R18ソシャゲの世界に転生したのだが、無条件の忠誠心を示す『英傑美少女』たちが恐ろしい件 作:たたたった
この世界において最も強い存在は英傑美少女ではなく召喚者たる国王である。
召喚能力と引き換えに本来の力を失い弱体化した王。チュートリアルの段階では一般兵と同程度のステータスであるが、闇の軍勢との本格的な戦争が始まる1年後にはUR相当のステータスを取り戻している。最終的な強さは最高リアリティのGRの英傑美少女たちの完全上位互換、つまり最強のユニットとして戦場を荒らしまわれる程の実力なのだ。
もちろんリスクは当然ある。盤上遊戯の将棋やチェスのように王が討ち取られたら敗北。ヒーローエネミーの可愛い魔物娘に負けるのならば逆レイプのエロシーン展開であるが、雑兵のゴブリンやオークに負けるとマゾ向けにしてはハードな絵面を眺める結果となる。
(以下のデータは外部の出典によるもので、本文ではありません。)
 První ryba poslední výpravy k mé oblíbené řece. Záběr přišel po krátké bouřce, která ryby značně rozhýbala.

ゲームならば一定期間後に復帰、しかし現実となった現在ではどのような末路になるかなんて分からない。それにいくら可愛いと言っても望まぬ凌辱、期間として考えると1年近くも種馬として監禁されることを想像するだけでも恐ろしい。
そしてしばらくすれば戦場でその時に生まれた娘と対峙するシリアスな状況に陥るのだ。
「ふははは!とうとう俺も力を取り戻せる機会が訪れたぞ!この宝玉の力により最強へと駆けあがるのだ!」
椅子に座る俺の手に握られるのは深紅の宝玉。視界に映る半透明のディスプレイには『チュートリアルモード終了』のお知らせが届き、数多の英傑美少女に強要されたSMプレイによって摩耗した精神に活力が戻ってくる。
これは『上限解放の宝玉』という余りにもストレートすぎる名前のアイテム。使用すれば英傑美少女を召喚する能力を得たことで失われた力の1割ほどが戻ってくる。本来の実力である力の10分の1と考えれば小さくみえるが、国王と臣下でありながら実力差は蟻と象という状況から脱却することができる。
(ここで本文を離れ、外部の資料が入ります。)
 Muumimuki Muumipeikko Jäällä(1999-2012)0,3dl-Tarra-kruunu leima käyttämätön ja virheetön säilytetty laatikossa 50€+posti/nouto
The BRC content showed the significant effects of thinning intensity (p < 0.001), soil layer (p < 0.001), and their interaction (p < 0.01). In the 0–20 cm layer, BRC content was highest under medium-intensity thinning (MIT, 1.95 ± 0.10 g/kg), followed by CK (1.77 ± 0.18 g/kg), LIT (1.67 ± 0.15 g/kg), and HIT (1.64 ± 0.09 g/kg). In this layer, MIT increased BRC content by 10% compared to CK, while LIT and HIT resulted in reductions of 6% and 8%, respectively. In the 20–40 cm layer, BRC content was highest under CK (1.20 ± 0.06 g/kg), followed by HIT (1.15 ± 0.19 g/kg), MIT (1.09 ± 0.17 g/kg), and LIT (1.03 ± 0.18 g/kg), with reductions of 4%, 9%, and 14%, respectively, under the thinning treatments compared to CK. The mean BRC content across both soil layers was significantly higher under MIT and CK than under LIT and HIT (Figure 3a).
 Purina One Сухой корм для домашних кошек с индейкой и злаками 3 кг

少なくとも最低レアリティのコモンの英傑美少女よりは強く、レアの英傑美少女たちと同等の強さ。臣下のレアリティの分布を考えれば、約9割もの英傑美少女たちに対して心の底から怯えなくても平気になれるのだ。
これで平手打ちされたら首が折れることを心配したり、胸を叩かれるだけで臓物を抜かれるような状況からおさらばできる!
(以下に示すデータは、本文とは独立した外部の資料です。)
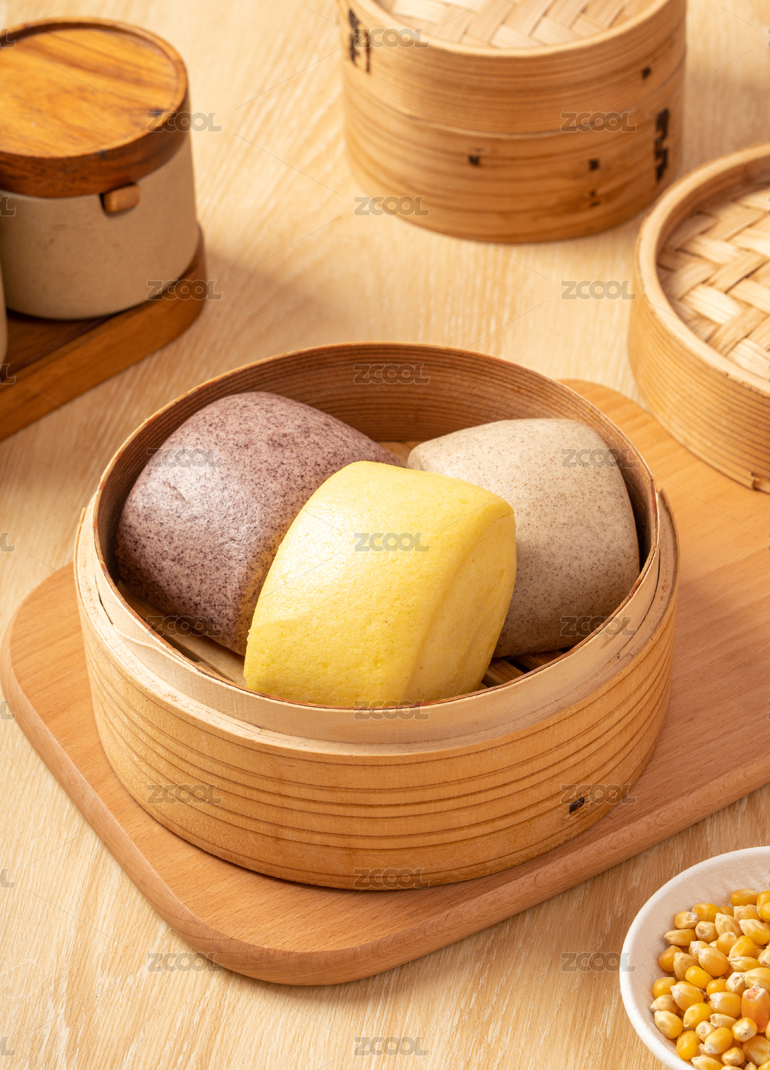 玉米面馒头紫米馒头白馒头黄色莫兰迪背景

マゾヒストな英傑美少女たちの望みとはいえ、猛獣を調教するようなSMプレイには精神がガリガリと削られていた。加減を見誤って激情に駆られた彼女たちの平手打ち一発で俺の人生は退場させられる危険が常に付きまとっていたのだ。英傑と呼ばれる存在の自制心はその程度で暴走する訳はないと思うが、絶対に人のことは噛まないライオンが居たとして、その檻の中で日常を平然と過ごせる人間など存在しないだろう。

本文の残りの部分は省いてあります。